◆ **Task prompt**
The entries that follow must be given again exactly, with the pictures excluded.

Data excerpts:
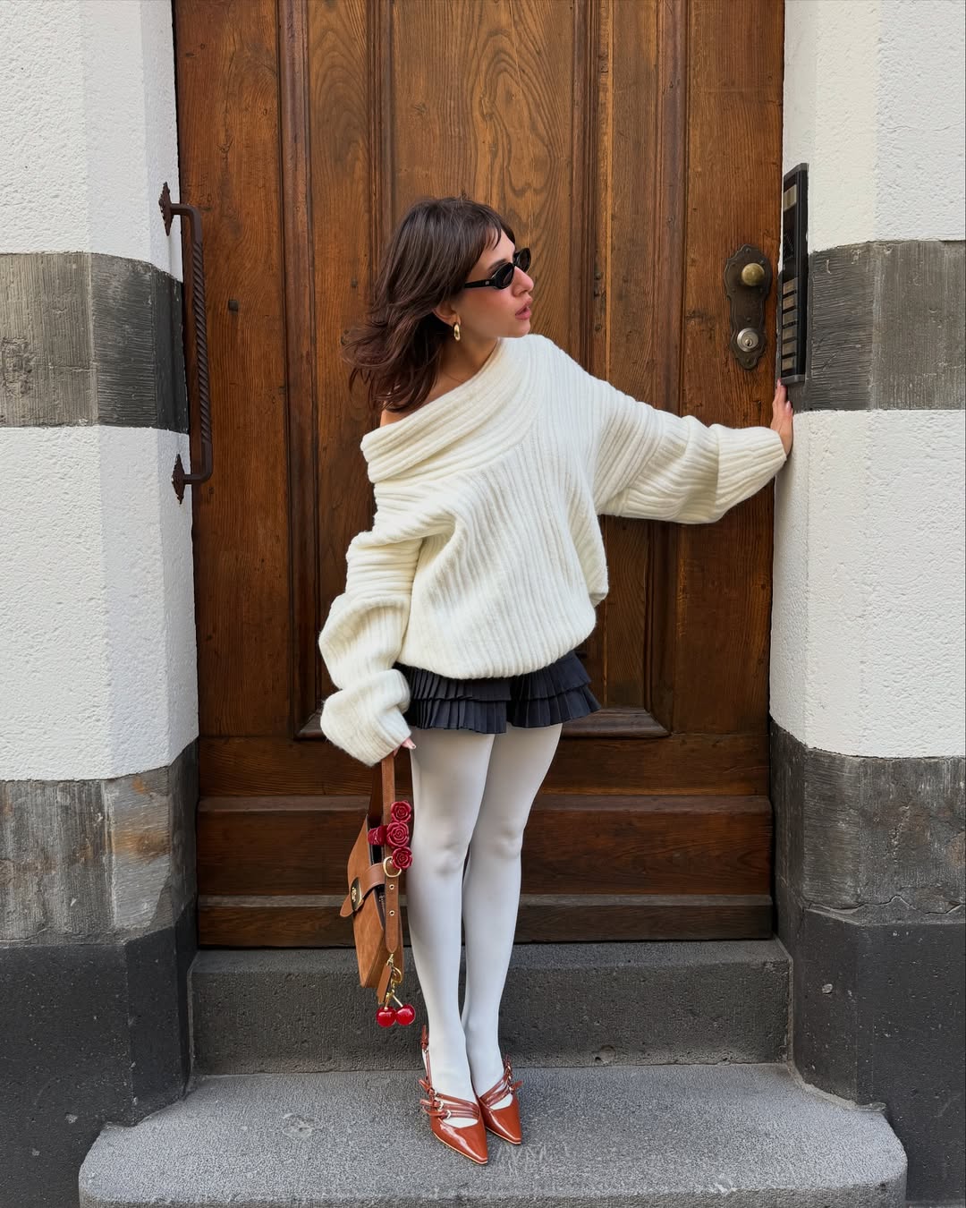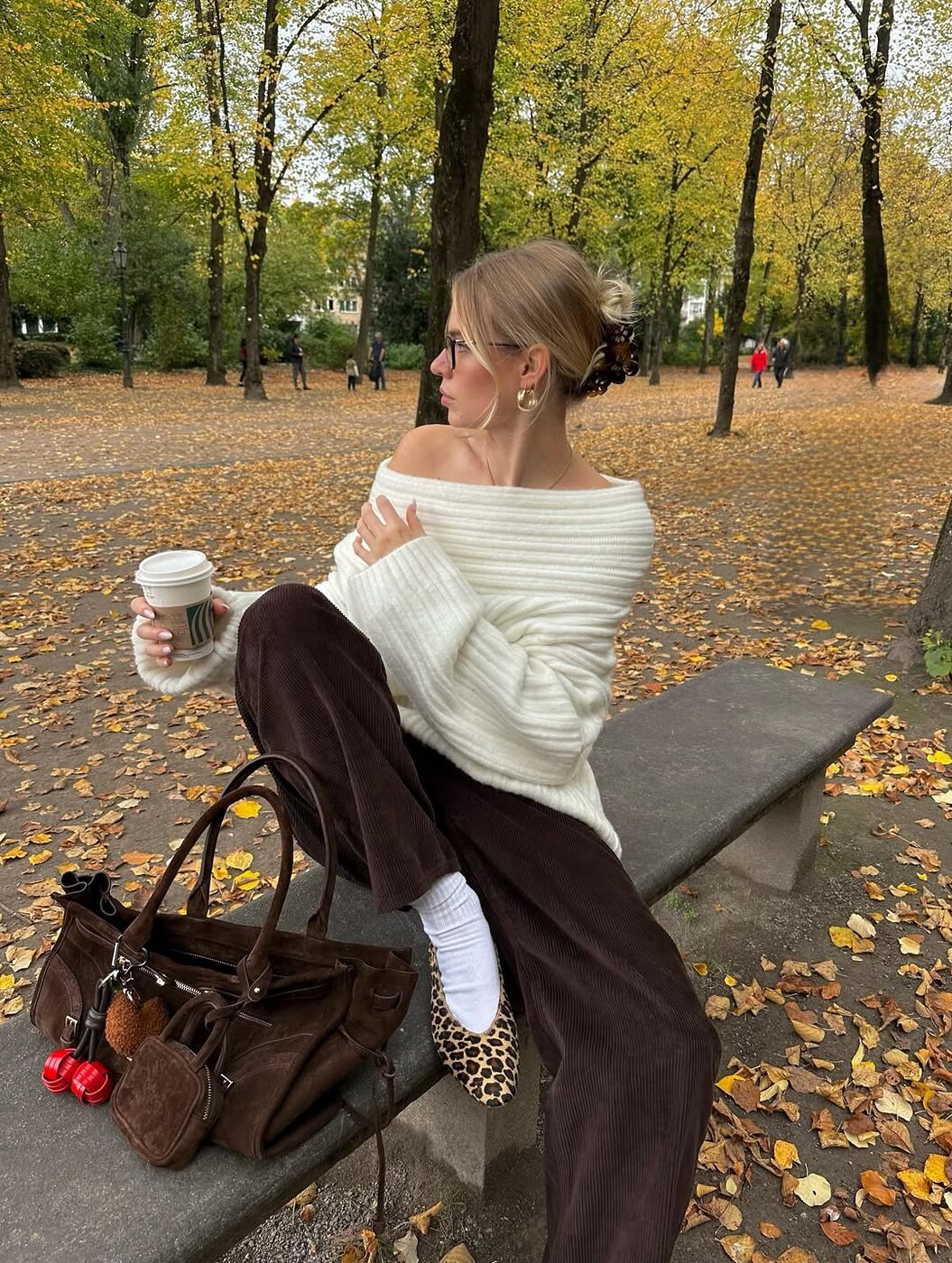 새하얀 니트는 하나쯤 가지고 있으면 어떤 하의와도 잘 어울려 스타일링이 쉬워집니다. 니트 특유의 묵직한 짜임과 무게감 덕에 실루엣이 훨씬 부드럽고 페미닌해 보이죠. 날이 쌀쌀해진 만큼 따뜻하고 코지한 느낌을 더하는 골드 액세서리를 함께 곁들여 보는 것도 좋겠군요.
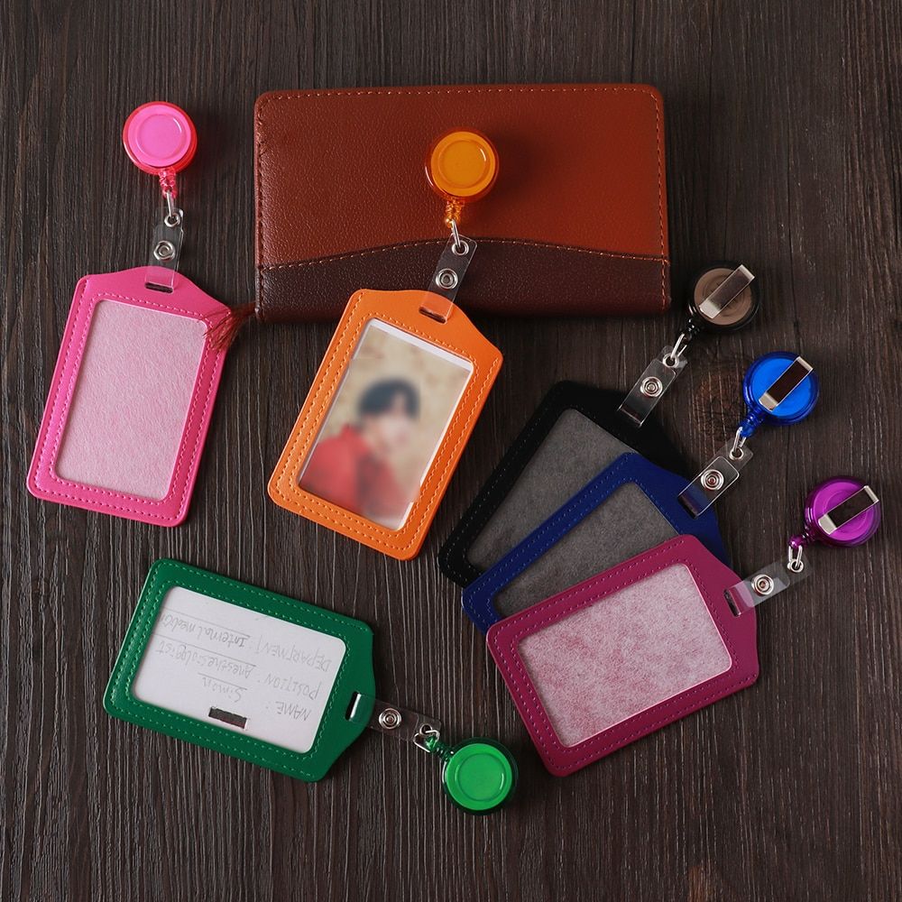 1X 1PC Credit Card Holders Bus ID Holders Identity Badge Protective Shell with Retractable Reel Office Supply Red/Yellow/Blue
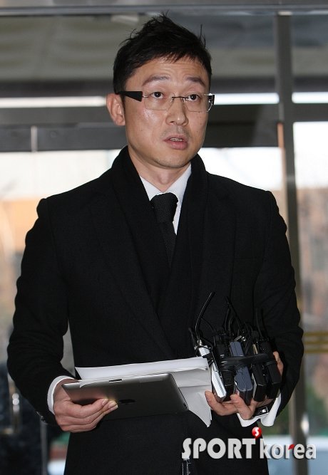 8일 오후 서울 영등포경찰서에 가수 이하늘을 명예훼손 혐의로 추가 고소한 박정환이 출두해 기자들의 질문에 답하고 있다.
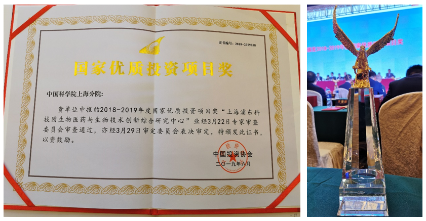 2019年10月15日,由国家开展改革委指导,中国投资协会主办的“国家优质投资项目表彰大会暨现场学习观摩活动”召开。经过前期推介、申报、审查、审定等一系列工作程序后,由高研院实际承担建设的“十二五”上海浦东科技园生物医药与生物技术创新综合研究中心(简称“生物医药基地项目”)喜获“2018-2019年度国家优质投资项目” ,并在此次会议中作为中国科研实验室4个受表彰项目之一,受到表彰。
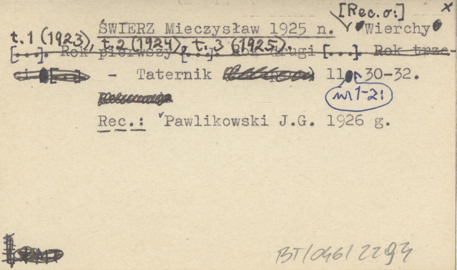 Taternik, 11, nr 1-2: 30-32. REC: PAWLIKOWSKI J. G. 1926 g
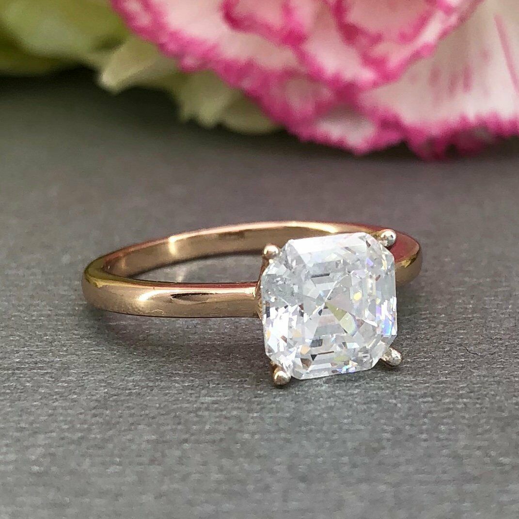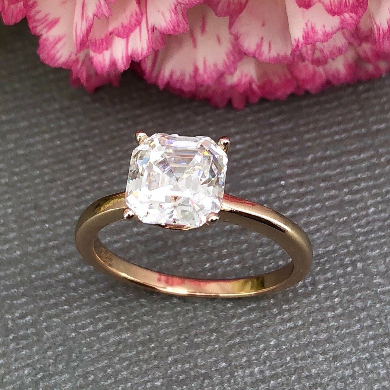 4 Prong Solitaire Engagement Ring 0.9ct Asscher Cut Diamond 14k Rose Gold Finish
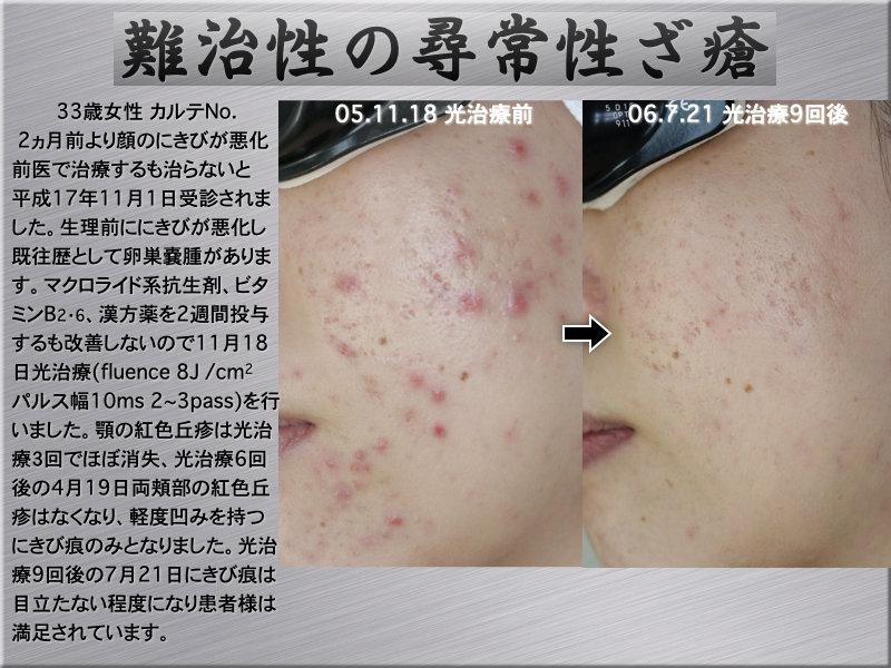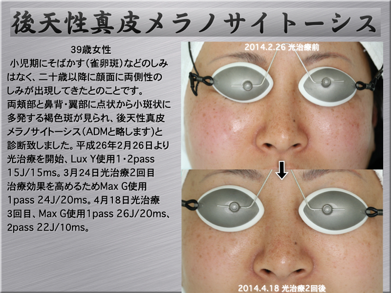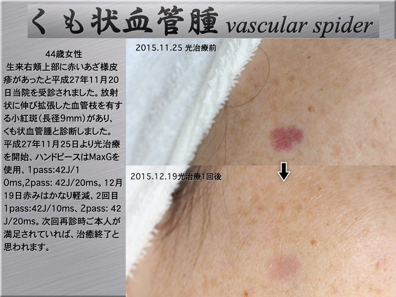 - 顔面に多発する症例は、光治療(ハンドピースはMax Gがお勧め)
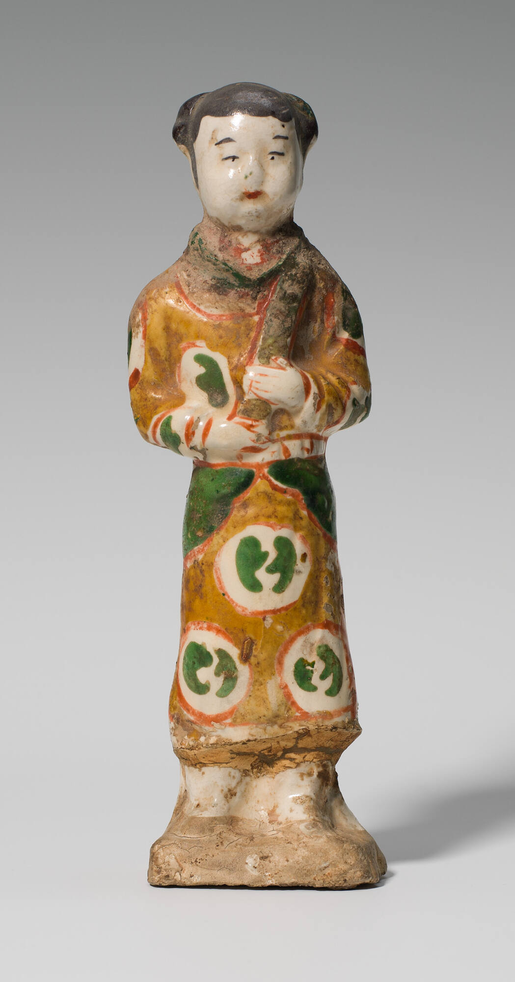 DescriptionFigurine of a female holding a musical instrument (?), wearing a yellow robe decorated with circles of green, red and white.

◆ **Answer to the exercise**
 새하얀 니트는 하나쯤 가지고 있으면 어떤 하의와도 잘 어울려 스타일링이 쉬워집니다. 니트 특유의 묵직한 짜임과 무게감 덕에 실루엣이 훨씬 부드럽고 페미닌해 보이죠. 날이 쌀쌀해진 만큼 따뜻하고 코지한 느낌을 더하는 골드 액세서리를 함께 곁들여 보는 것도 좋겠군요.
 1X 1PC Credit Card Holders Bus ID Holders Identity Badge Protective Shell with Retractable Reel Office Supply Red/Yellow/Blue
 8일 오후 서울 영등포경찰서에 가수 이하늘을 명예훼손 혐의로 추가 고소한 박정환이 출두해 기자들의 질문에 답하고 있다.
 2019年10月15日,由国家开展改革委指导,中国投资协会主办的“国家优质投资项目表彰大会暨现场学习观摩活动”召开。经过前期推介、申报、审查、审定等一系列工作程序后,由高研院实际承担建设的“十二五”上海浦东科技园生物医药与生物技术创新综合研究中心(简称“生物医药基地项目”)喜获“2018-2019年度国家优质投资项目” ,并在此次会议中作为中国科研实验室4个受表彰项目之一,受到表彰。
 Taternik, 11, nr 1-2: 30-32. REC: PAWLIKOWSKI J. G. 1926 g
 4 Prong Solitaire Engagement Ring 0.9ct Asscher Cut Diamond 14k Rose Gold Finish
 - 顔面に多発する症例は、光治療(ハンドピースはMax Gがお勧め)
 DescriptionFigurine of a female holding a musical instrument (?), wearing a yellow robe decorated with circles of green, red and white.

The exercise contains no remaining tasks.